Materials and Methods:
A retrospective, population-based cohort design was applied using total sampling of 219 patients admitted to Abdoel Wahab Sjahranie General Hospital in 2024 with radiologically confirmed hemorrhagic stroke. Clinical and laboratory data were retrieved from medical records, including hematological and biochemical indicators. Functional outcome was assessed using the Barthel Index, while survival status at discharge was analyzed as the primary endpoint. Statistical analyses included correlation testing, linear and logistic regression, and decision tree modeling.
Results:
The results demonstrated that RDW-SD was a robust independent predictor of both functional impairment and mortality, with higher RDW-SD values significantly associated with lower Barthel Index scores (P = 0.003; B = –0.318) and greater in-hospital mortality risk (P = 0.006; odds ratio (OR) = 1.148). Elevated NLR and serum sodium levels were also linked to poorer prognosis, particularly with respect to mortality. Decision tree analysis revealed that patients presenting with RDW-SD >41.5 combined with NLR >8.9 had the lowest functional outcomes and the highest mortality risk. Although the regression models explained only a modest proportion of variance (7.1% for functional outcomes and 19.7% for mortality), these findings emphasize the clinical utility of routine hematological testing.
Conclusion:
RDW-SD, NLR, and serum sodium represent accessible, inexpensive, and reproducible markers with meaningful prognostic value in hemorrhagic stroke. Their integration into triage and early risk stratification protocols may improve clinical decision-making, especially in healthcare systems with limited neuroimaging and intensive monitoring resources.
Keywords
Functional outcomes
In-hospital mortality
NLR
Red cell distribution width-standard deviation
Serum sodium
INTRODUCTION
Hemorrhagic stroke is a leading cause of global morbidity and mortality, with outcomes generally worse than those of ischemic stroke.[1] According to the Global Burden of Disease 2019, more than 12 million new stroke cases occur annually, and approximately 37.6% are hemorrhagic.[2] In Southeast Asia, including Indonesia, the burden of hemorrhagic stroke is disproportionately high due to uncontrolled hypertension, limited healthcare access, and low public awareness.[3-5] The 2018 Basic Health Research in Indonesia reported a national prevalence of 10.9/1,000 population, with hemorrhagic stroke contributing substantially to severe neurological disability and death.[6]

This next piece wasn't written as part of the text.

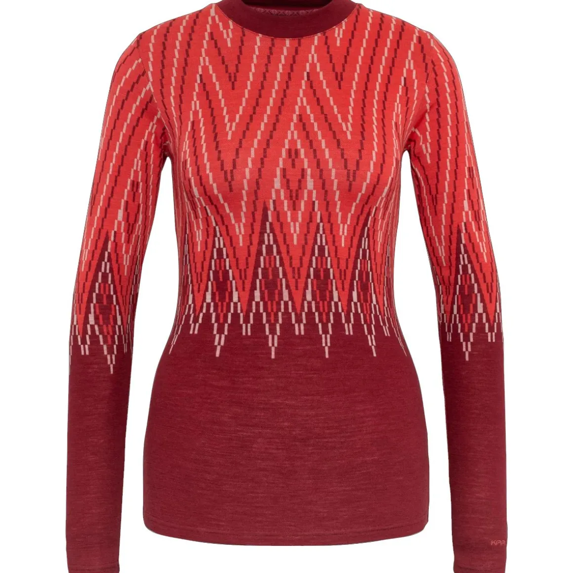 Denne langærmede trøje har en slim fit og er designet med et elegant Jacquard-strikmønster, som tilfører et retro-inspireret look. Materialet er naturligt åndbart og lugtafvisende, hvilket gør det ideelt til lange dage i kulden. Trøjens strækbare egenskaber og flade sømme sikrer en tæt, men bevægelig pasform, der ikke irriterer huden.

The pathophysiology of hemorrhagic stroke involves the rupture of cerebral vessels, intracerebral bleeding, and subsequent systemic inflammation, all of which contribute to poor outcomes.[7,8] While neuroimaging and clinical scoring systems remain standard tools for diagnosis and prognostication, their availability may be limited in resource-constrained settings. This highlights the need for additional prognostic markers that are inexpensive, reproducible, and widely accessible.

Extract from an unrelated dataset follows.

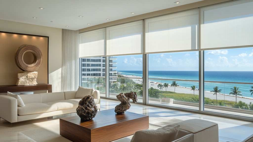 Modern formal living room in a Palm Beach apartment featuring motorized white Hunter Douglas Roller Shades on large sliding glass doors and an ocean view.
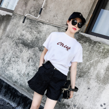 NUMBERCICI 2017夏装新款纯棉上衣 韩版字母纯色短袖T恤女

Among routine laboratory markers, red cell distribution width (RDW) and the neutrophil-to-lymphocyte ratio (NLR) have gained attention due to their associations with inflammation, oxidative stress, and immune imbalance. Elevated RDW has been linked to greater stroke severity and higher mortality, while increased NLR reflects heightened inflammatory activity and has been associated with poorer neurological outcomes.[7,9,10] Functional outcomes in this study were assessed using the Barthel Index, a validated measure of activities of daily living, in which lower scores indicate greater functional dependence.[11] This study aims to evaluate the prognostic relevance of admission hematological parameters, specifically RDW-standard deviation (RDW-SD), NLR, and serum sodium in predicting functional outcomes and in-hospital mortality among hemorrhagic stroke patients in East Kalimantan.
MATERIALS AND METHODS
This retrospective cohort study analyzed the relationship between hematological and biochemical indicators and clinical outcomes in hemorrhagic stroke patients treated at Abdoel Wahab Sjahranie General Hospital, Samarinda, during 2024. Data were collected from medical records of all patients residing within the hospital’s catchment area, ensuring a population-based approach. Total population sampling included all eligible patients meeting the inclusion criteria and none of the exclusions (219 samples). Ethical approval was obtained from the Abdoel Wahab Sjahranie General Hospital Health Research Ethics Committee (Number 09/KEPK-AWS/II/2025). The study was guided by the hypothesis that abnormalities in admission hematological parameters are associated with poorer functional outcomes and higher in-hospital mortality in patients with hemorrhagic stroke. This hypothesis informed the selection of variables and the analytic approach, including correlation analysis, regression modeling, and decision tree classification.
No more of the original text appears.